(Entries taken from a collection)
┄┄┄┄┄┄┄┄┄┄┄┄┄┄┄┄┄┄┄┄

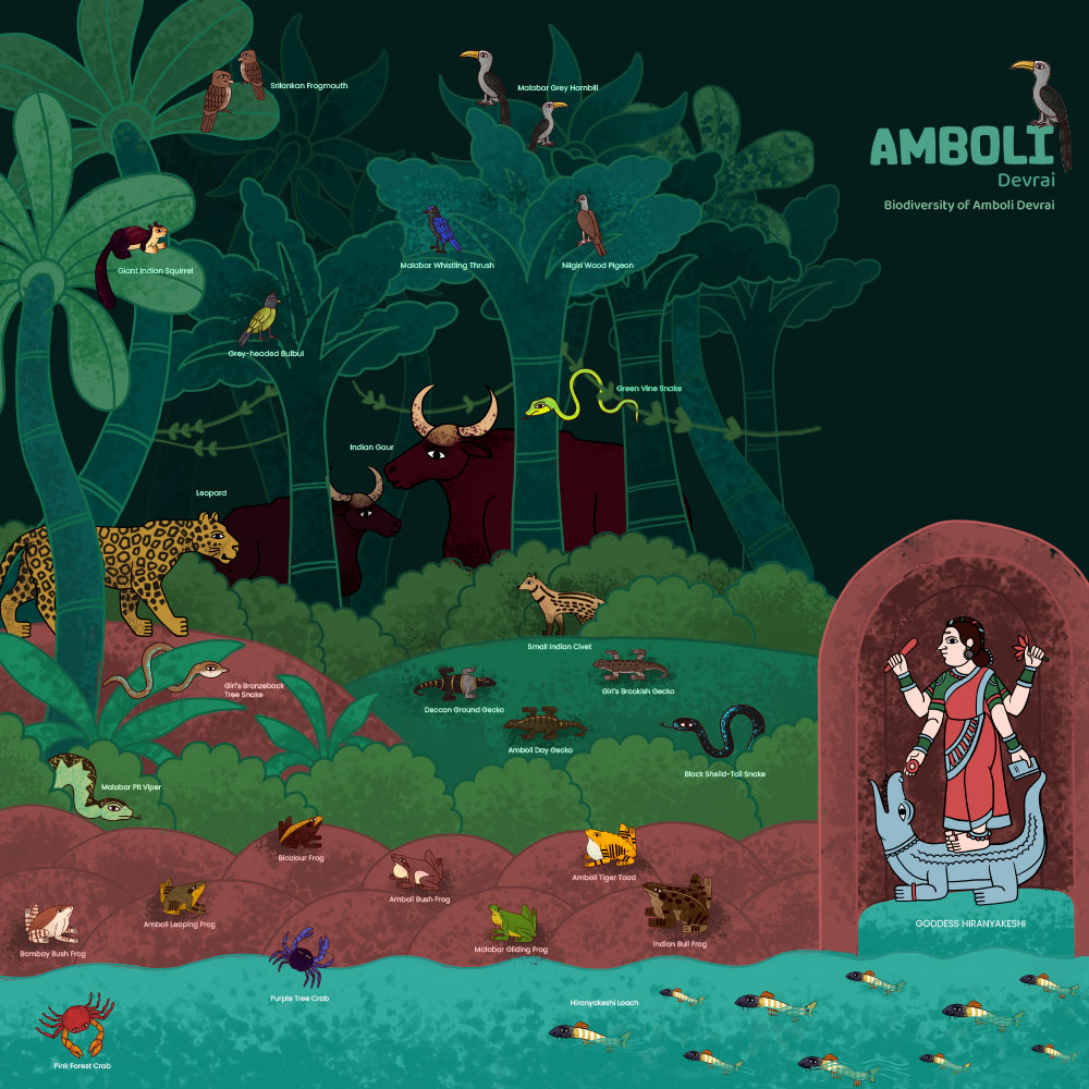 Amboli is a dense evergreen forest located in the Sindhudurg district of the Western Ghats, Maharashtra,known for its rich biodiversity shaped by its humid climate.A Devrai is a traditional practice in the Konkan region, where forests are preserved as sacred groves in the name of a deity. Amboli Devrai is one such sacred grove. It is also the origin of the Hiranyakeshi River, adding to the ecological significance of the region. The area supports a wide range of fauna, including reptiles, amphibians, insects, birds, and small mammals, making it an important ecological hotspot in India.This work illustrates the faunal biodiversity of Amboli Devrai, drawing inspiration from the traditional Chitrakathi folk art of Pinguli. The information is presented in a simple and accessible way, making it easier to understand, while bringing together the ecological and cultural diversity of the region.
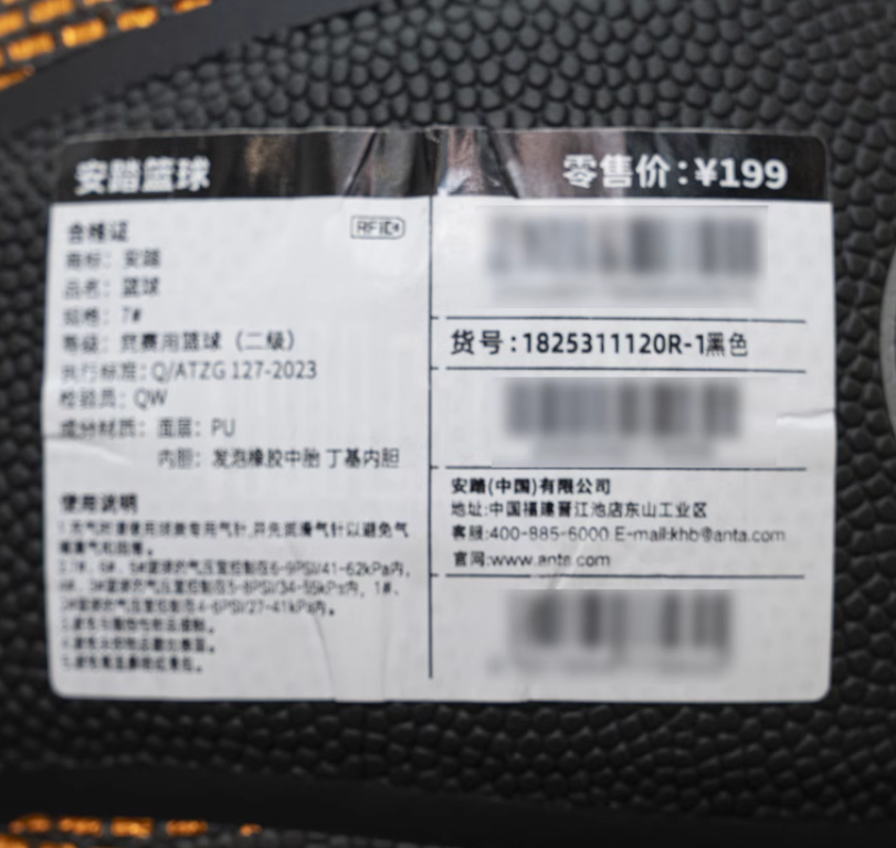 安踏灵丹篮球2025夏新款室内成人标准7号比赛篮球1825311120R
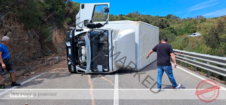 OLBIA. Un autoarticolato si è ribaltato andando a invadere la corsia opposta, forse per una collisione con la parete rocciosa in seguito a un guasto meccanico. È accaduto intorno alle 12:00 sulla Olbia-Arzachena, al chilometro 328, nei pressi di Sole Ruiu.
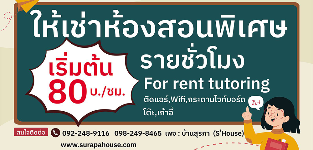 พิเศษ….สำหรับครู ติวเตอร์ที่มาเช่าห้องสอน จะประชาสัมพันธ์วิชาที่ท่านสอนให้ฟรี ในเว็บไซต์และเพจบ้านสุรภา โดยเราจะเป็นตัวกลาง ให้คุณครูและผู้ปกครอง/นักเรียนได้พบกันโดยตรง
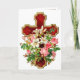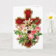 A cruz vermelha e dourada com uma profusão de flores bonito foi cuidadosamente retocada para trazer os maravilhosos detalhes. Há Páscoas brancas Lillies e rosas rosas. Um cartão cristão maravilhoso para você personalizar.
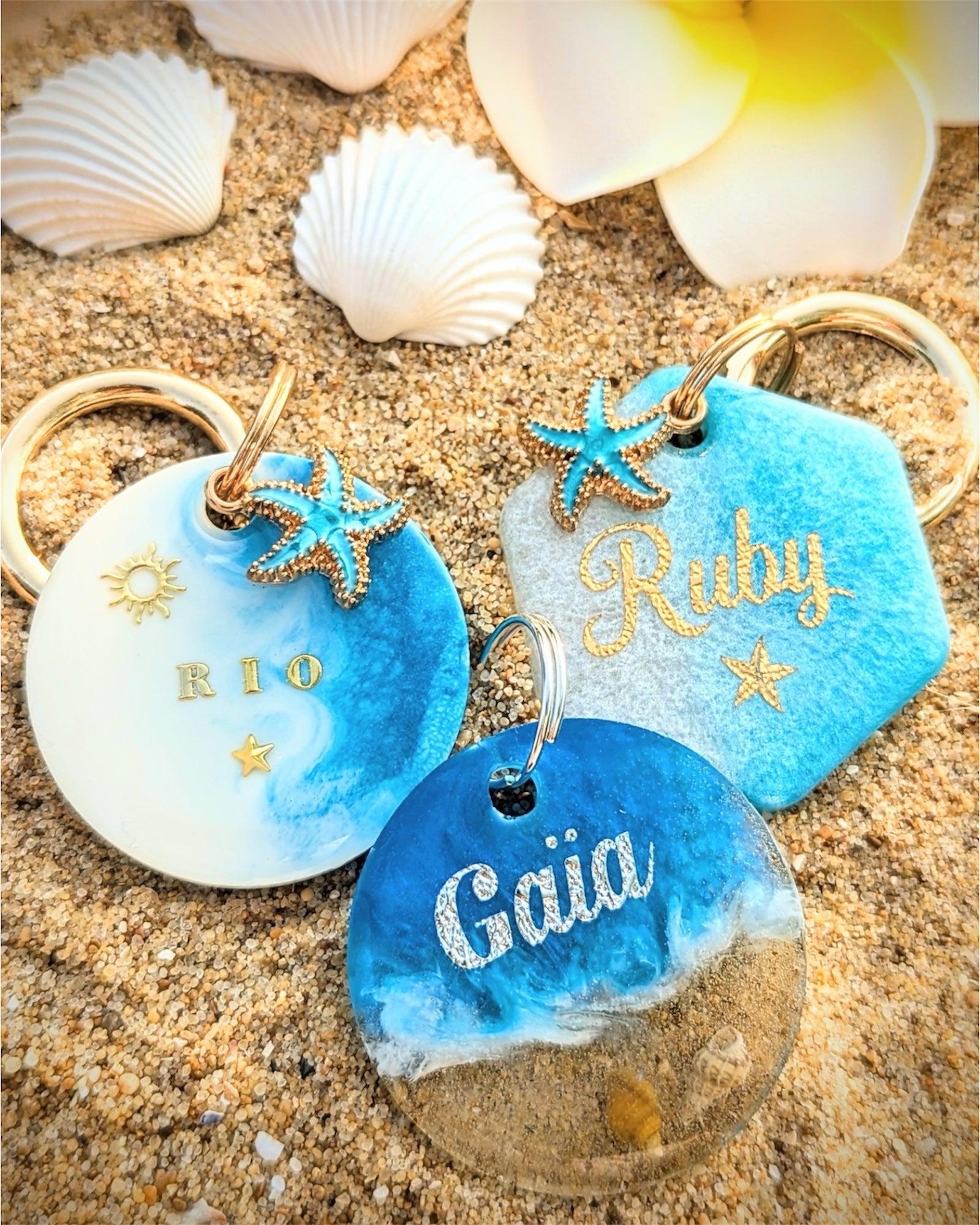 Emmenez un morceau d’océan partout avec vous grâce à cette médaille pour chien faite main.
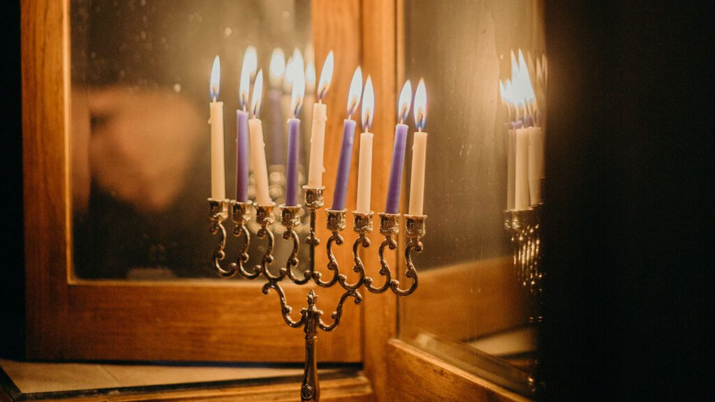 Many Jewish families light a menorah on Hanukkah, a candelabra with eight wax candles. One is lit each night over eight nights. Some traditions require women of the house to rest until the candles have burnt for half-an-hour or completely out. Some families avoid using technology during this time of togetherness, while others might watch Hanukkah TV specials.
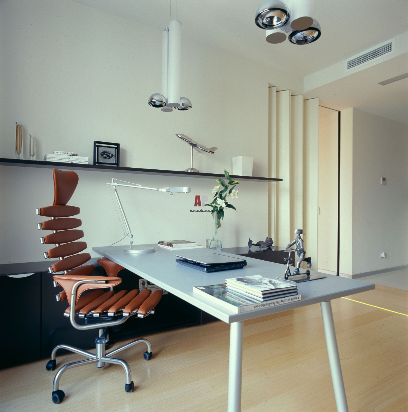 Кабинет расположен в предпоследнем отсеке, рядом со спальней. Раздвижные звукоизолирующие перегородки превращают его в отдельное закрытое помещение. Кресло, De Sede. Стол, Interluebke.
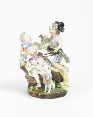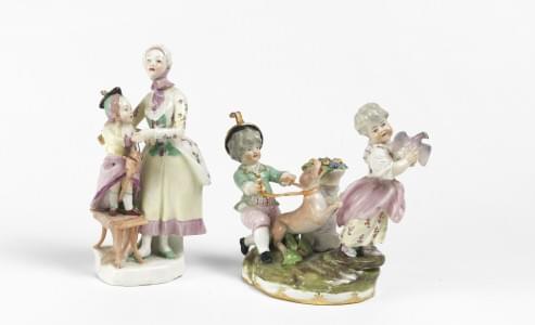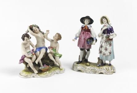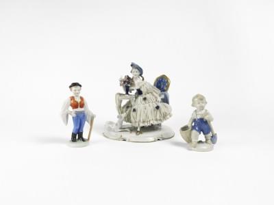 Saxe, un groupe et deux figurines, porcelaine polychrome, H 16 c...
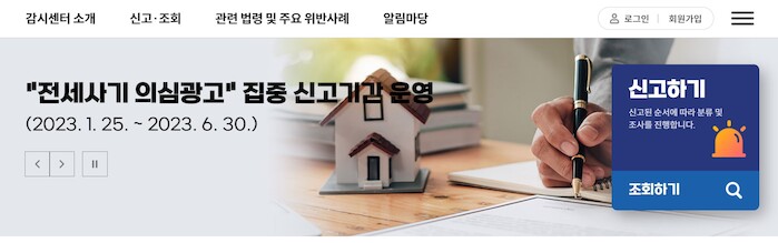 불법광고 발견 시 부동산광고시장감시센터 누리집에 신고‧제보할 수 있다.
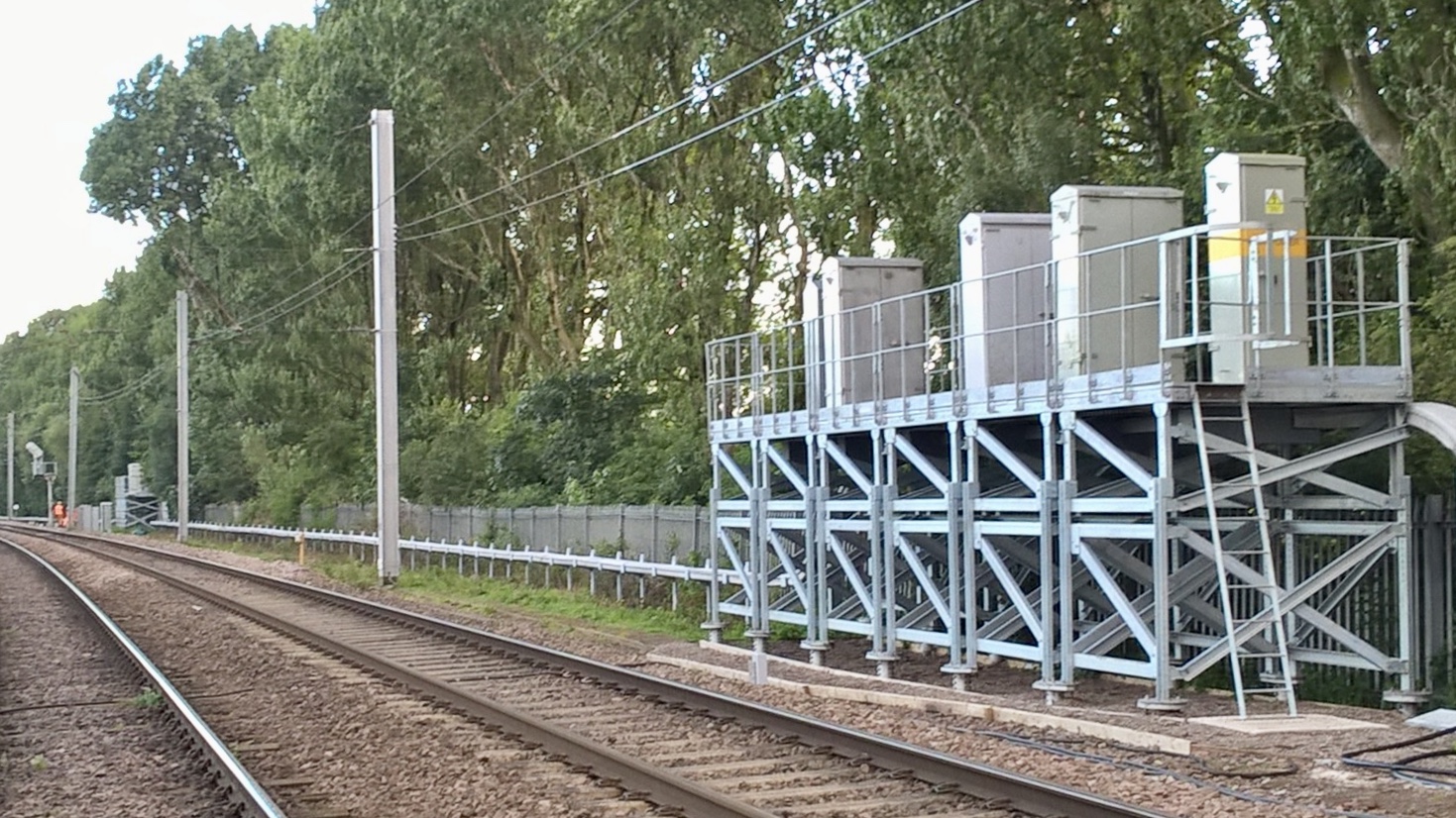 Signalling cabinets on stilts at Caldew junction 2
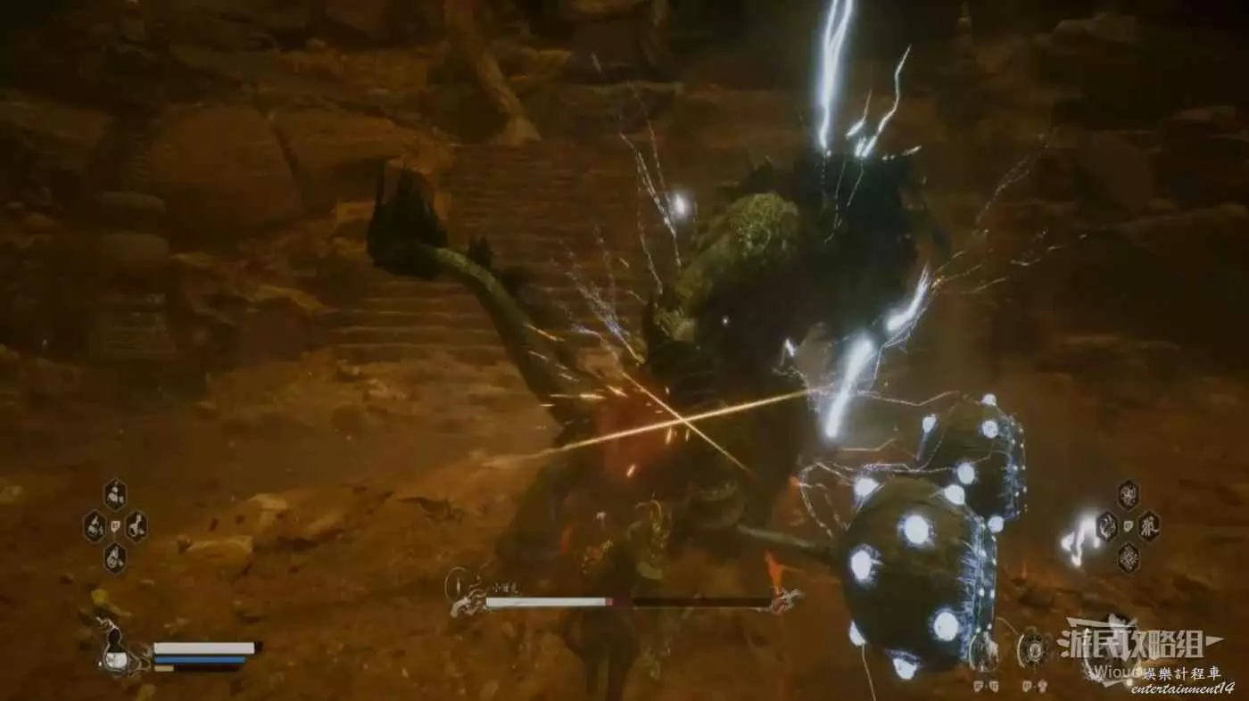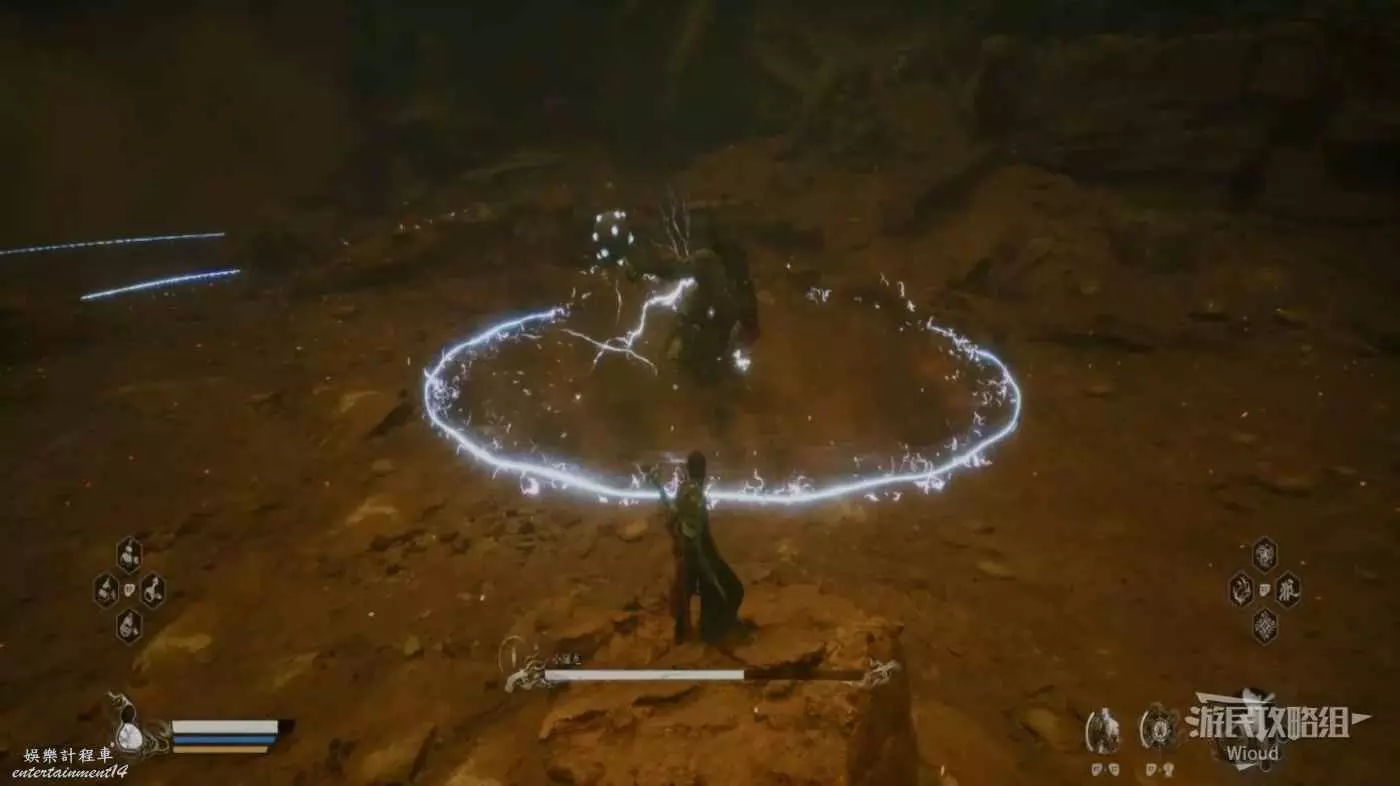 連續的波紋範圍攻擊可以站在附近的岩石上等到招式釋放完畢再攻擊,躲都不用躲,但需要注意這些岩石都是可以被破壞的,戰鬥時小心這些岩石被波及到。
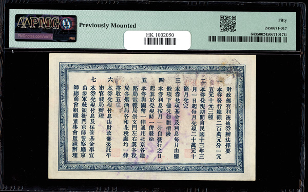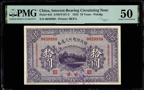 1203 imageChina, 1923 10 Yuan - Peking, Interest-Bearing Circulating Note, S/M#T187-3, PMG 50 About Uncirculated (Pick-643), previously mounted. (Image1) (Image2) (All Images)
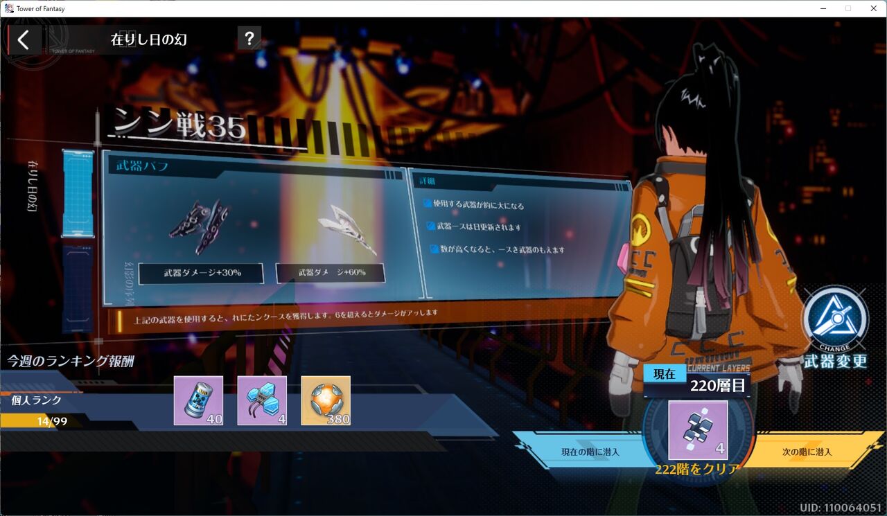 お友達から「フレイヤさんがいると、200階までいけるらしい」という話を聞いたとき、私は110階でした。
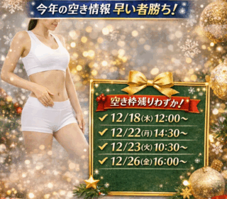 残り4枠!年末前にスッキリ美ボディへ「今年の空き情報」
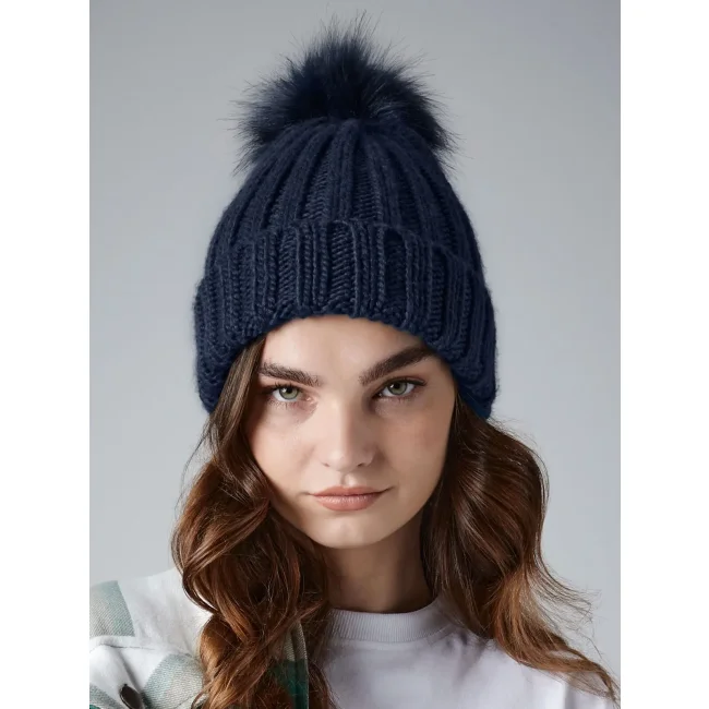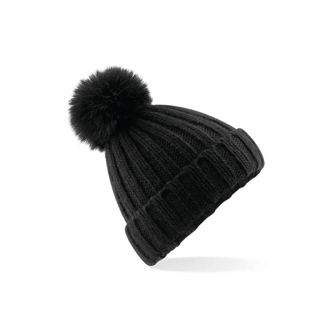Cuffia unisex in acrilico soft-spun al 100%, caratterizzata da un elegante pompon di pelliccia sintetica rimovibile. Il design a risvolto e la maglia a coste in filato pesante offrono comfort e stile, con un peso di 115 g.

┄┄┄┄┄┄┄┄┄┄┄┄┄┄┄┄┄┄┄┄

■ **Task directions**
Would you return all of the data above word for word, omitting every picture?

■ **Completed exercise**
 Amboli is a dense evergreen forest located in the Sindhudurg district of the Western Ghats, Maharashtra,known for its rich biodiversity shaped by its humid climate.A Devrai is a traditional practice in the Konkan region, where forests are preserved as sacred groves in the name of a deity. Amboli Devrai is one such sacred grove. It is also the origin of the Hiranyakeshi River, adding to the ecological significance of the region. The area supports a wide range of fauna, including reptiles, amphibians, insects, birds, and small mammals, making it an important ecological hotspot in India.This work illustrates the faunal biodiversity of Amboli Devrai, drawing inspiration from the traditional Chitrakathi folk art of Pinguli. The information is presented in a simple and accessible way, making it easier to understand, while bringing together the ecological and cultural diversity of the region.
 安踏灵丹篮球2025夏新款室内成人标准7号比赛篮球1825311120R
 OLBIA. Un autoarticolato si è ribaltato andando a invadere la corsia opposta, forse per una collisione con la parete rocciosa in seguito a un guasto meccanico. È accaduto intorno alle 12:00 sulla Olbia-Arzachena, al chilometro 328, nei pressi di Sole Ruiu.
 พิเศษ….สำหรับครู ติวเตอร์ที่มาเช่าห้องสอน จะประชาสัมพันธ์วิชาที่ท่านสอนให้ฟรี ในเว็บไซต์และเพจบ้านสุรภา โดยเราจะเป็นตัวกลาง ให้คุณครูและผู้ปกครอง/นักเรียนได้พบกันโดยตรง
 A cruz vermelha e dourada com uma profusão de flores bonito foi cuidadosamente retocada para trazer os maravilhosos detalhes. Há Páscoas brancas Lillies e rosas rosas. Um cartão cristão maravilhoso para você personalizar.
 Emmenez un morceau d’océan partout avec vous grâce à cette médaille pour chien faite main.
 Many Jewish families light a menorah on Hanukkah, a candelabra with eight wax candles. One is lit each night over eight nights. Some traditions require women of the house to rest until the candles have burnt for half-an-hour or completely out. Some families avoid using technology during this time of togetherness, while others might watch Hanukkah TV specials.
 Кабинет расположен в предпоследнем отсеке, рядом со спальней. Раздвижные звукоизолирующие перегородки превращают его в отдельное закрытое помещение. Кресло, De Sede. Стол, Interluebke.
 Saxe, un groupe et deux figurines, porcelaine polychrome, H 16 c...
 불법광고 발견 시 부동산광고시장감시센터 누리집에 신고‧제보할 수 있다.
 Signalling cabinets on stilts at Caldew junction 2
 連續的波紋範圍攻擊可以站在附近的岩石上等到招式釋放完畢再攻擊,躲都不用躲,但需要注意這些岩石都是可以被破壞的,戰鬥時小心這些岩石被波及到。
 1203 imageChina, 1923 10 Yuan - Peking, Interest-Bearing Circulating Note, S/M#T187-3, PMG 50 About Uncirculated (Pick-643), previously mounted. (Image1) (Image2) (All Images)
 お友達から「フレイヤさんがいると、200階までいけるらしい」という話を聞いたとき、私は110階でした。
 残り4枠!年末前にスッキリ美ボディへ「今年の空き情報」
Cuffia unisex in acrilico soft-spun al 100%, caratterizzata da un elegante pompon di pelliccia sintetica rimovibile. Il design a risvolto e la maglia a coste in filato pesante offrono comfort e stile, con un peso di 115 g.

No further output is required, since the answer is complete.